- **Task**:
Before repeating the entries below, strip out every picture and keep all else as it is.
[[ Data supplied, beginning ]]
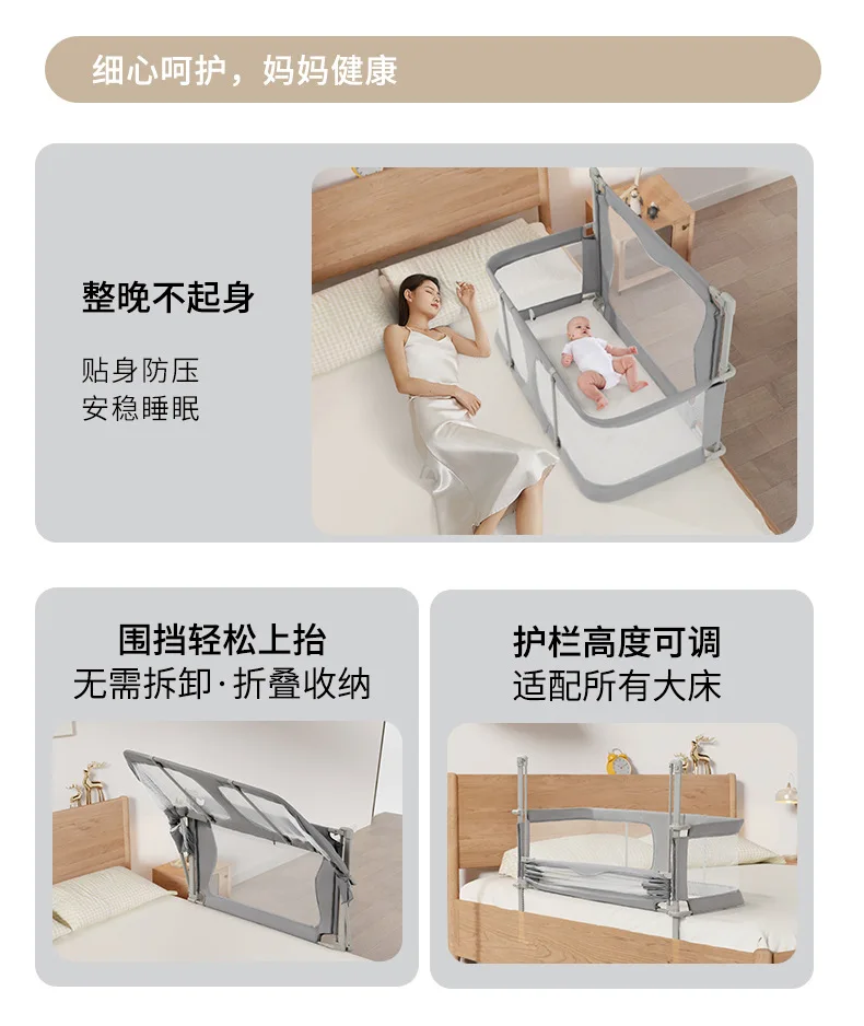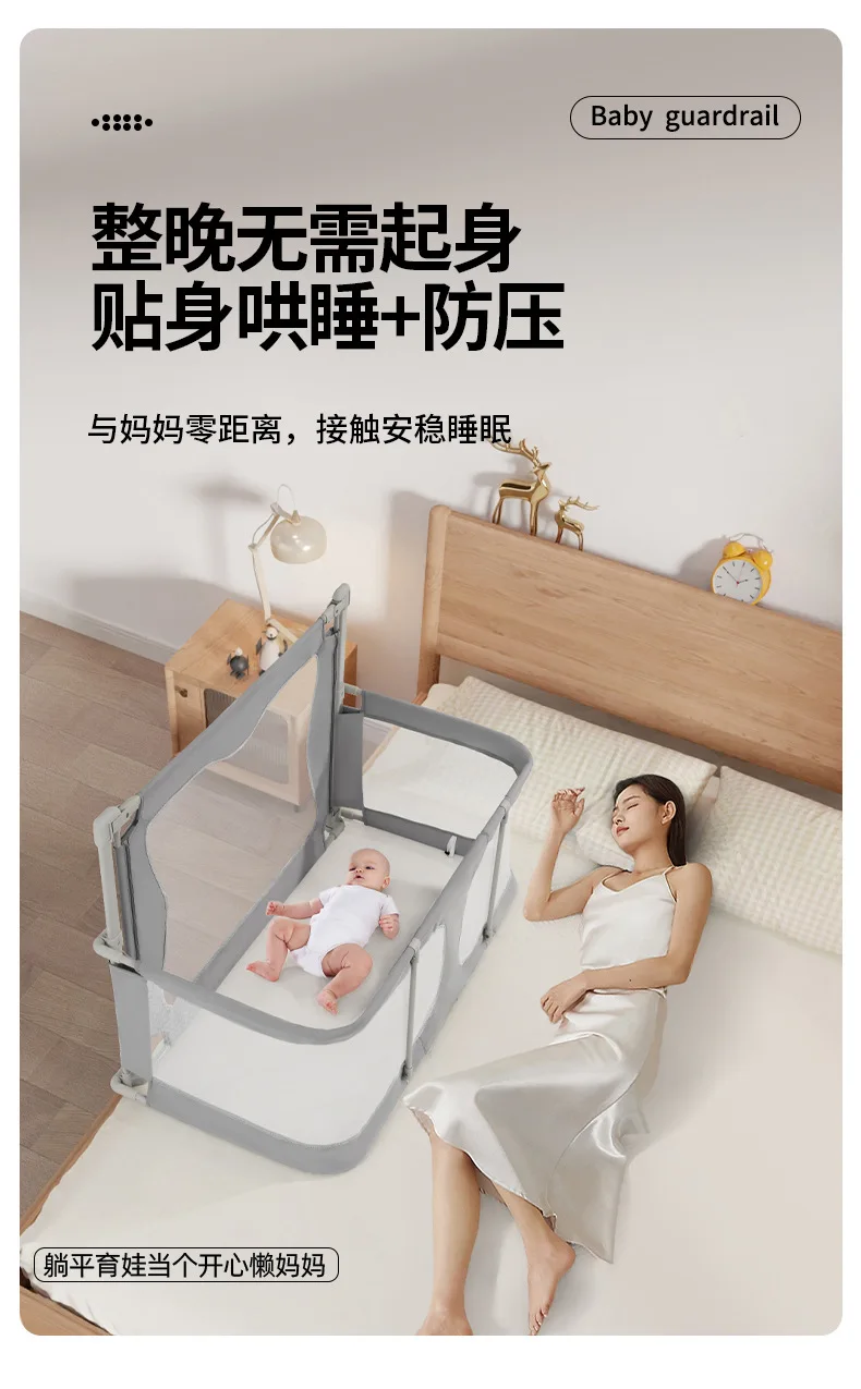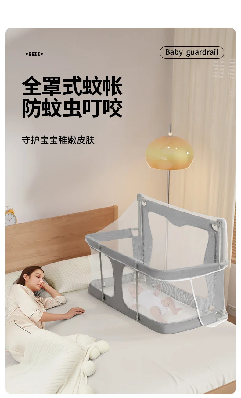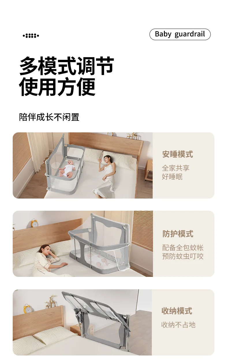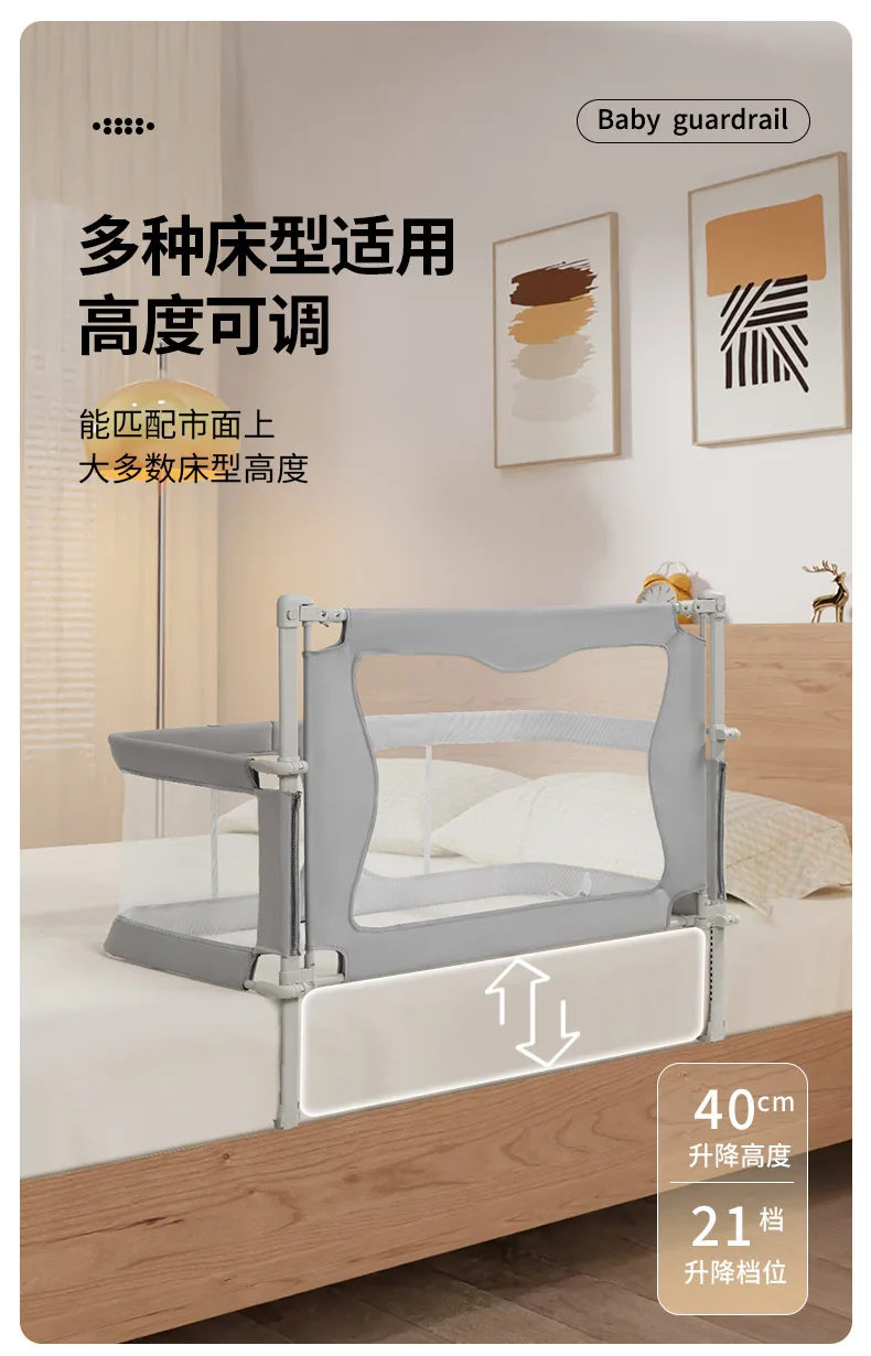 Valla para cama de cuna de bebé, valla protectora antipresión, valla protectora para bebé recién nacido, plegable y móvil con un clic
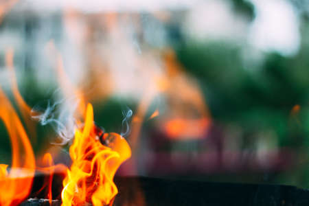 The hottest background. A fire blaze, heat and burning wood close-up.
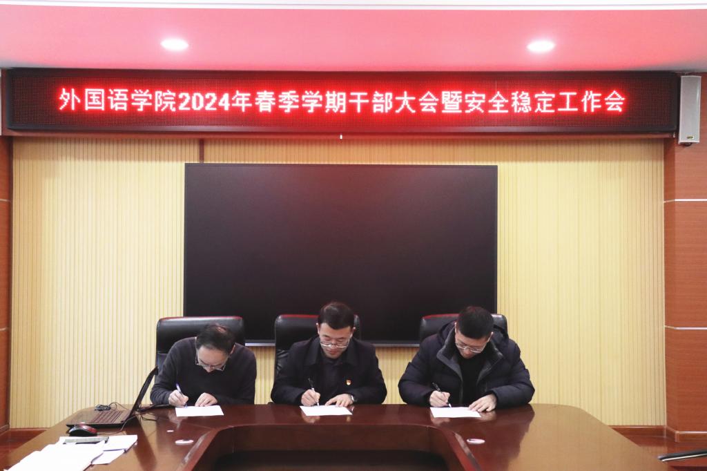 最后,院长王林海和党委书记屈晓阳代表学院和各系部、各科室签订了2024年安全稳定责任书。
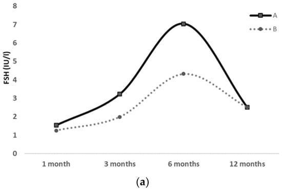 In healthy term neonates, FSH and LH rise from 1 week of age and peak between 1 and 3 months, stimulating sex hormone secretion. MP seems to reproduce the same sexual dimorphism previously exhibited in fetal life, with a greater increase in LH in males and FSH in females [3,4]. At approximately 6 months of age, LH and FSH start to decline, but FSH levels could remain high up to the age of 3–4 years in females [5,6]. Likewise, testosterone and estradiol peak at 1–3 months of age in males and females, respectively, and then decrease by 6 months of age [2,6,7,8]. Estradiol levels may sometimes fluctuate until 2 years of age, likely due to ovarian follicle cyclic maturation and atrophy [9,10].
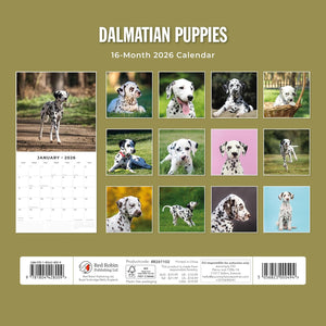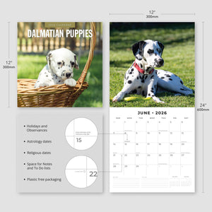• Premium 12" x 24" open wall calendar featuring vivid images of Dalmatian Puppies, printed on thick & sturdy paper.
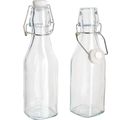 VBS Glass bottles with swing stopper are supplied in sets of 2. The bottles are made of clear glass and have a great square design. The glass bottles are about 19.5 cm high and about 5 cm wide. The filling quantity is approx. 250 ml.
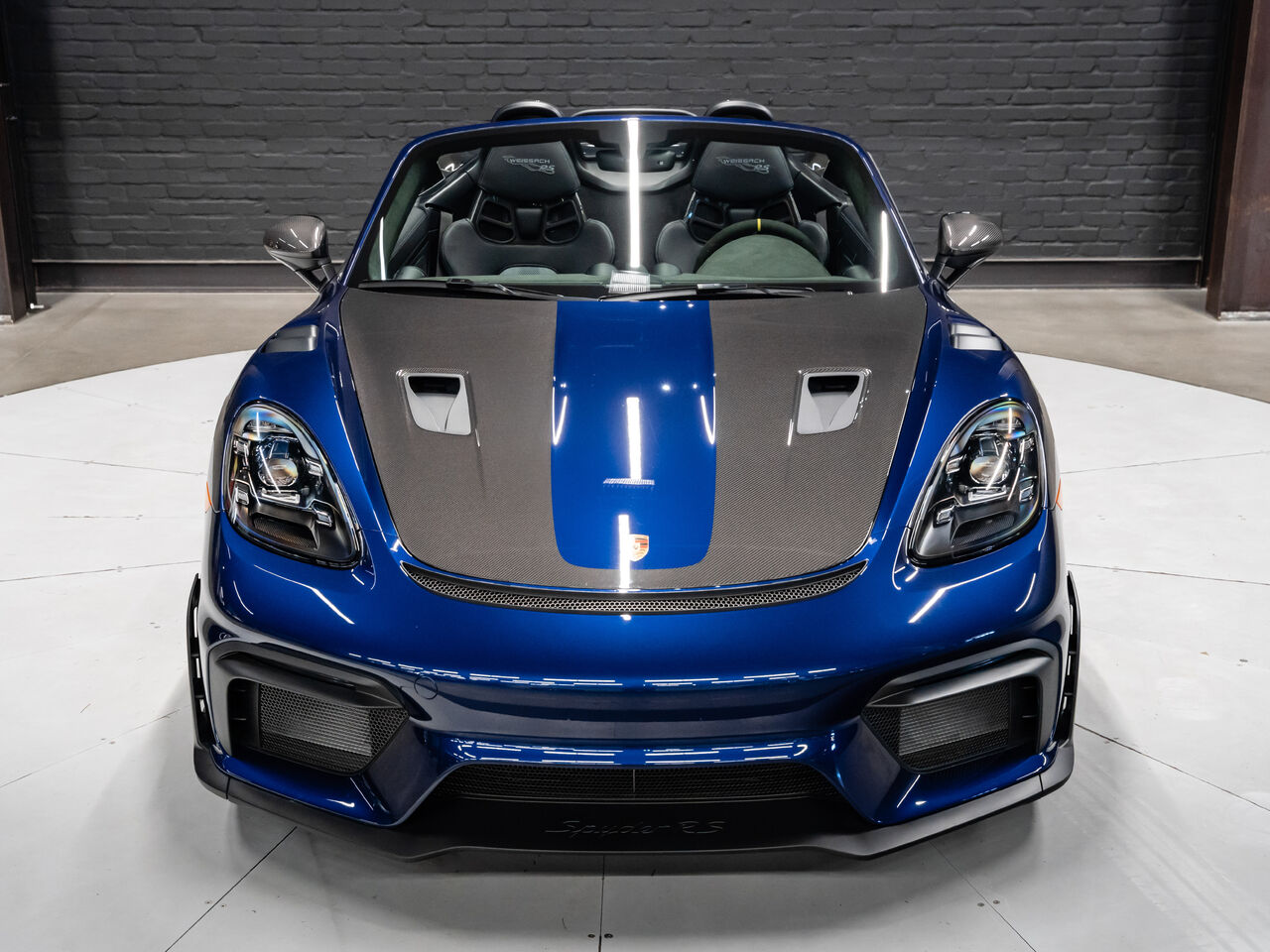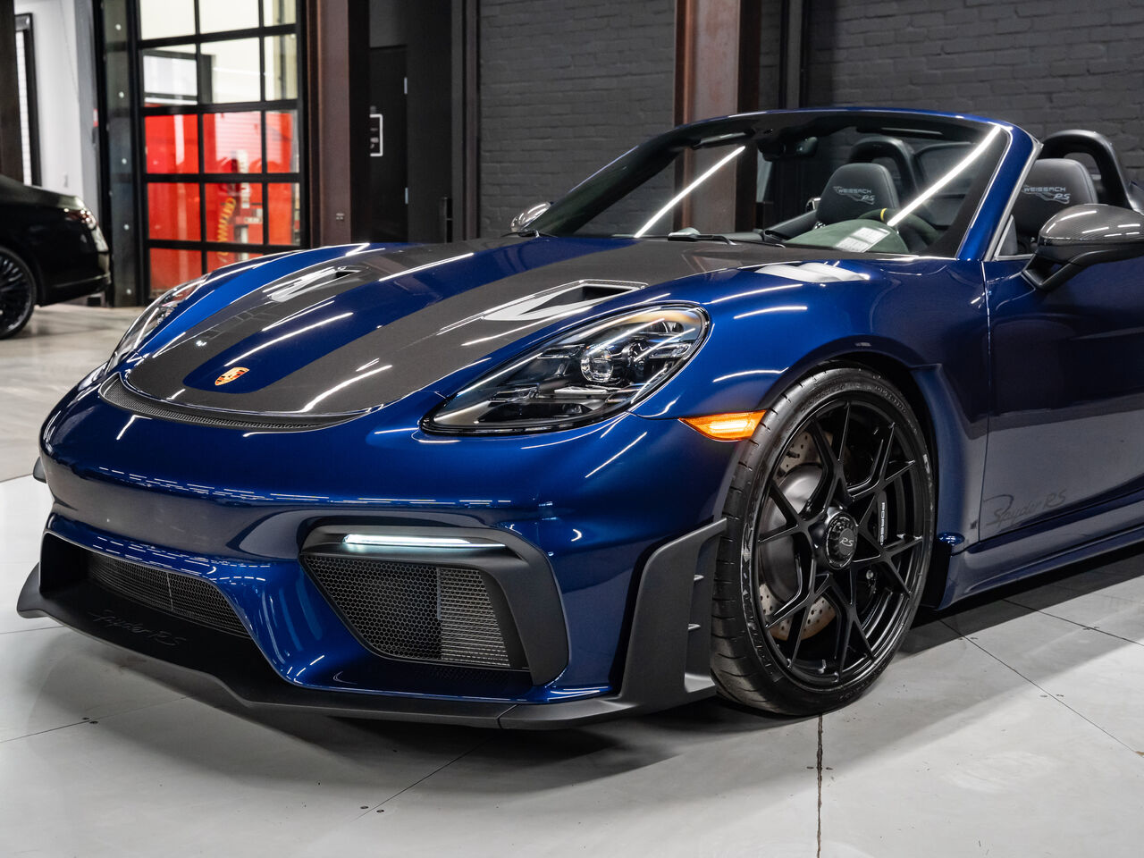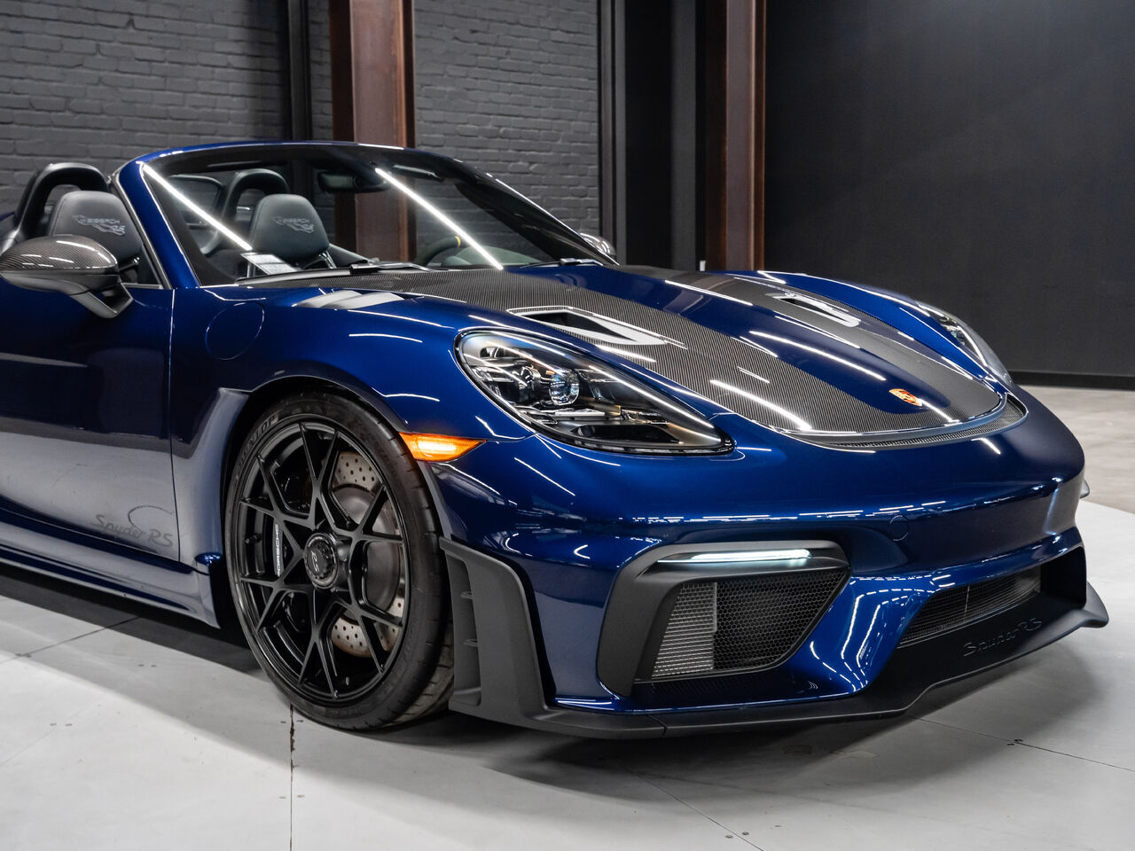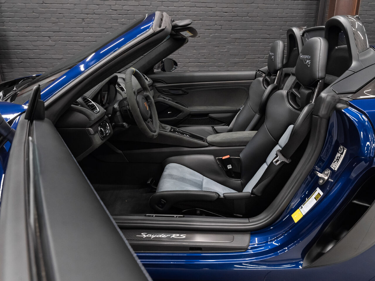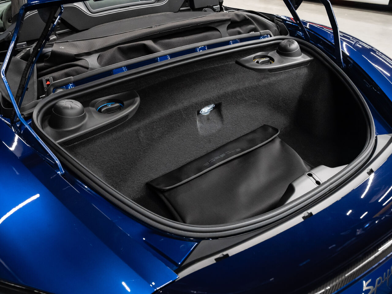 The 2025 Porsche 718 Spyder RS in striking Gentian Blue Metallic with a refined Black and Arctic Grey interior is a true masterpiece of performance and design. This one-owner, non-smoker vehicle comes in like-new condition with a clean Carfax, reflecting meticulous care and attention.
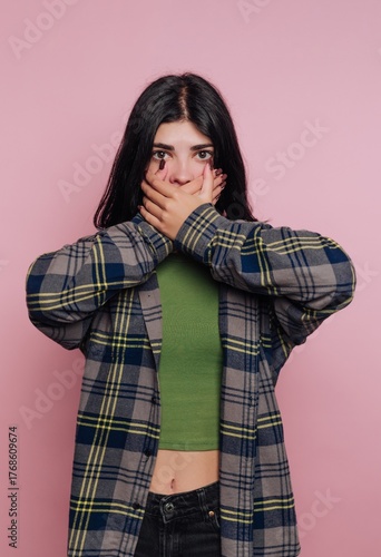 Young woman with long dark hair covering mouth with hands, wearing plaid shirt and green top, standing against pink background.
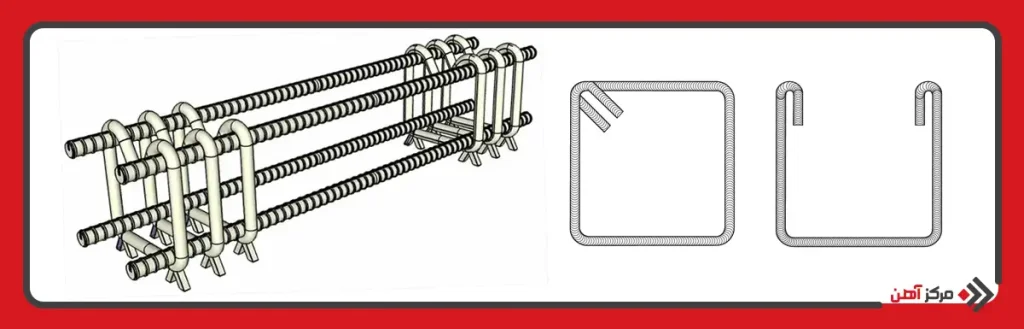 خاموت ها طبق نقشه به شکل بسته با قلاب 135 یا 180 درجه خم شوند تا باز نشوند. طول دم قلاب و شعاع خم مطابق آیین نامه و نقشه رعایت شود و زوایا دقیق کنترل شوند.
[[ Data supplied, end ]]
- **Expected output**:
 Valla para cama de cuna de bebé, valla protectora antipresión, valla protectora para bebé recién nacido, plegable y móvil con un clic
 The hottest background. A fire blaze, heat and burning wood close-up.
 最后,院长王林海和党委书记屈晓阳代表学院和各系部、各科室签订了2024年安全稳定责任书。
 In healthy term neonates, FSH and LH rise from 1 week of age and peak between 1 and 3 months, stimulating sex hormone secretion. MP seems to reproduce the same sexual dimorphism previously exhibited in fetal life, with a greater increase in LH in males and FSH in females [3,4]. At approximately 6 months of age, LH and FSH start to decline, but FSH levels could remain high up to the age of 3–4 years in females [5,6]. Likewise, testosterone and estradiol peak at 1–3 months of age in males and females, respectively, and then decrease by 6 months of age [2,6,7,8]. Estradiol levels may sometimes fluctuate until 2 years of age, likely due to ovarian follicle cyclic maturation and atrophy [9,10].
• Premium 12" x 24" open wall calendar featuring vivid images of Dalmatian Puppies, printed on thick & sturdy paper.
 VBS Glass bottles with swing stopper are supplied in sets of 2. The bottles are made of clear glass and have a great square design. The glass bottles are about 19.5 cm high and about 5 cm wide. The filling quantity is approx. 250 ml.
 The 2025 Porsche 718 Spyder RS in striking Gentian Blue Metallic with a refined Black and Arctic Grey interior is a true masterpiece of performance and design. This one-owner, non-smoker vehicle comes in like-new condition with a clean Carfax, reflecting meticulous care and attention.
 Young woman with long dark hair covering mouth with hands, wearing plaid shirt and green top, standing against pink background.
 خاموت ها طبق نقشه به شکل بسته با قلاب 135 یا 180 درجه خم شوند تا باز نشوند. طول دم قلاب و شعاع خم مطابق آیین نامه و نقشه رعایت شود و زوایا دقیق کنترل شوند.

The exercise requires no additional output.